*Problem statement:* The answer must consist solely of the lines below starting at the one containing "Eure Kinder – Von Khalil Gibran" and ending at the one containing "Дом П.П.Бажова в Сысерти", repeated exactly, with both ends included and all pictures omitted.

(Stored records)
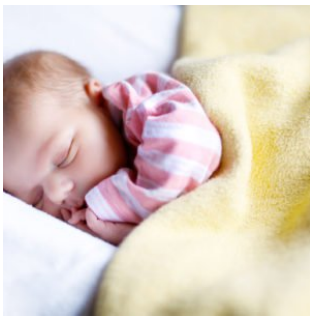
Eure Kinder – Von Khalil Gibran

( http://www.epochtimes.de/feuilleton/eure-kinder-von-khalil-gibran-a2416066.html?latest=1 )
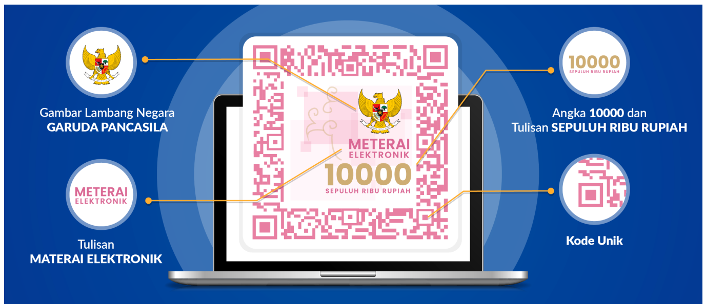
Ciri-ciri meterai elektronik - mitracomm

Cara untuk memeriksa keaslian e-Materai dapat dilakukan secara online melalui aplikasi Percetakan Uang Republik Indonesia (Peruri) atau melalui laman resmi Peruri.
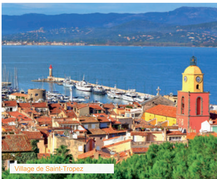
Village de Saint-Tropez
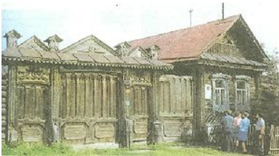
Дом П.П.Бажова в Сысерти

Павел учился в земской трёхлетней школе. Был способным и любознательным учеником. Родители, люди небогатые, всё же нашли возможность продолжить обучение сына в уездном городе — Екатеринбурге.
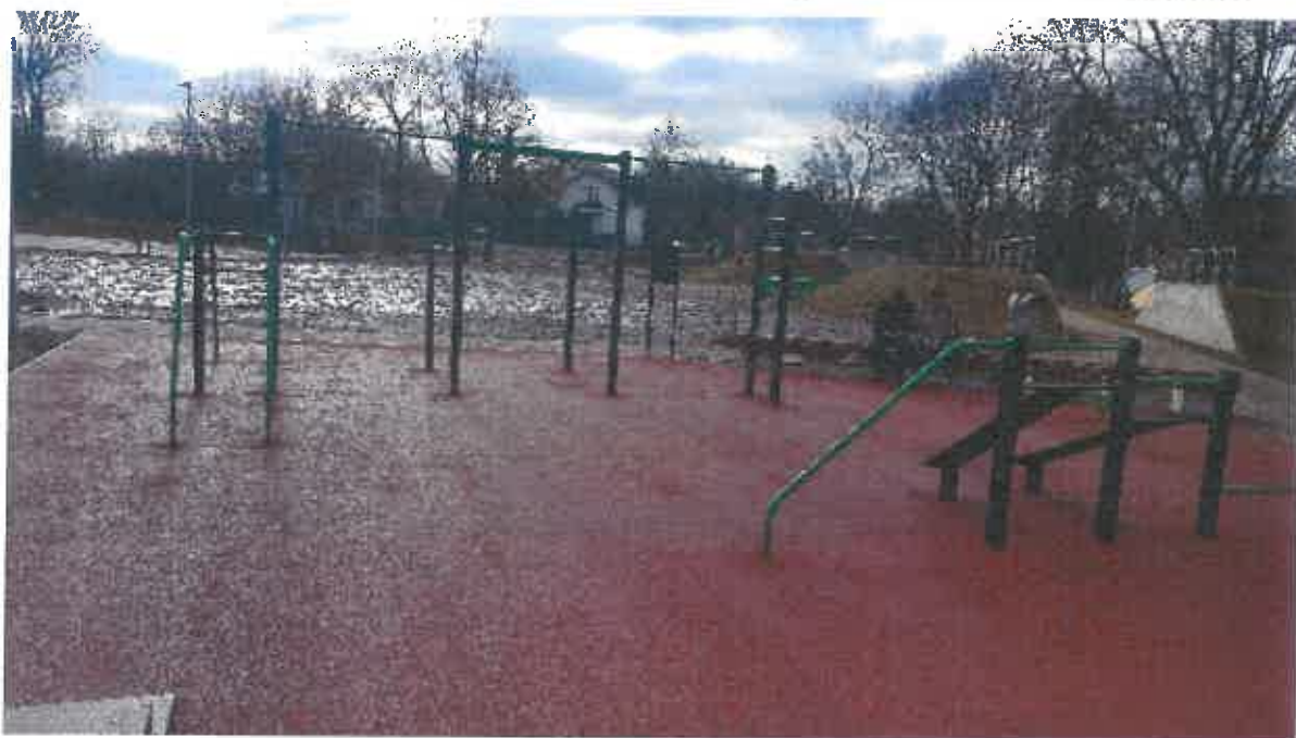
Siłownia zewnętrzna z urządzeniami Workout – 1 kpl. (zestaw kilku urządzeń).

---

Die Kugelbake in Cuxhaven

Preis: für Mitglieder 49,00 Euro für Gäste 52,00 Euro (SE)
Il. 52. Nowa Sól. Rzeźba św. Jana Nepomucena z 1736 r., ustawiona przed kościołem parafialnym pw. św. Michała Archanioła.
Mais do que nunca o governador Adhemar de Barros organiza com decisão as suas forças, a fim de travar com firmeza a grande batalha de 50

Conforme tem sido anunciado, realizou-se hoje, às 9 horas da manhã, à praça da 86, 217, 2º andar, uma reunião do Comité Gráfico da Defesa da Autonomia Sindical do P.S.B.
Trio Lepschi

*Your response:*
Eure Kinder – Von Khalil Gibran

( http://www.epochtimes.de/feuilleton/eure-kinder-von-khalil-gibran-a2416066.html?latest=1 )
Ciri-ciri meterai elektronik - mitracomm

Cara untuk memeriksa keaslian e-Materai dapat dilakukan secara online melalui aplikasi Percetakan Uang Republik Indonesia (Peruri) atau melalui laman resmi Peruri.
Village de Saint-Tropez
Дом П.П.Бажова в Сысерти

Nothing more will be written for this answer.